→ Data excerpt:

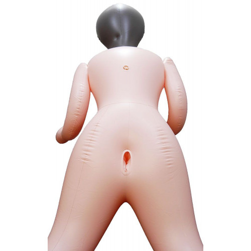 Красивая надувная кукла любви с очаровательным напечатанным лицом и стоячим положением. Она натурального размера, имеет грудь и 3 заманчивые любовные дырочки.
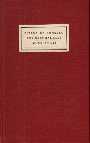 40. (TERBORGH, F.C.). RONSARD, Pierre de Les Bacchanales ou le folastrissime voyage d’Hercueil pres Paris dedié a la joyeuse trouppe de ses compaignons fait l’an 1549 par Pierre de Ronsard Vandomois. (Met een nawoord door H. de la Fontaine Verwey). Amsterdam, Non Pareil, 1953. 13 x 9 cm. Karton met titeletiket. 56 p. Gedrukt door Joh. Enschedé en gezet uit de cursieve Spectrum naar typografie van Jan van Krimpen.
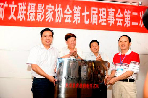 中国煤矿文联副主席、秘书长张强(右二),中国职业健康协会副理事长、中国煤炭记者协会会长、中国煤矿摄影家协会主席白海金(左二)共同为焦煤集团摄影创作基地授牌,焦煤集团原副总经理、焦煤集团摄影家协会主席贾建峰(右一),焦煤集团公司工会副主席李润波共同接受授牌。
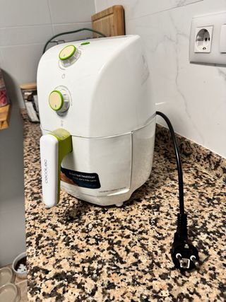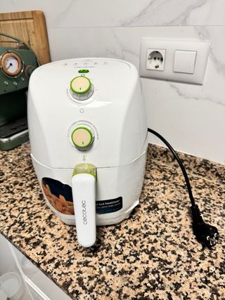 Freidora de aire Cecotec en color blanco. Cuenta con dos mandos giratorios para ajustar la temperatura y el tiempo. - Diseño compacto. - Asa extraíble para facilitar su uso. - Indicador luminoso de funcionamiento.

→ Description of the task: Using the listing above, reproduce word for word every line from the one containing "40. (TERBORGH, F.C.)." through the one containing "中国煤矿文联副主席、秘书长张". Pictures must be left out.

→ Completed exercise:
 40. (TERBORGH, F.C.). RONSARD, Pierre de Les Bacchanales ou le folastrissime voyage d’Hercueil pres Paris dedié a la joyeuse trouppe de ses compaignons fait l’an 1549 par Pierre de Ronsard Vandomois. (Met een nawoord door H. de la Fontaine Verwey). Amsterdam, Non Pareil, 1953. 13 x 9 cm. Karton met titeletiket. 56 p. Gedrukt door Joh. Enschedé en gezet uit de cursieve Spectrum naar typografie van Jan van Krimpen.
 中国煤矿文联副主席、秘书长张强(右二),中国职业健康协会副理事长、中国煤炭记者协会会长、中国煤矿摄影家协会主席白海金(左二)共同为焦煤集团摄影创作基地授牌,焦煤集团原副总经理、焦煤集团摄影家协会主席贾建峰(右一),焦煤集团公司工会副主席李润波共同接受授牌。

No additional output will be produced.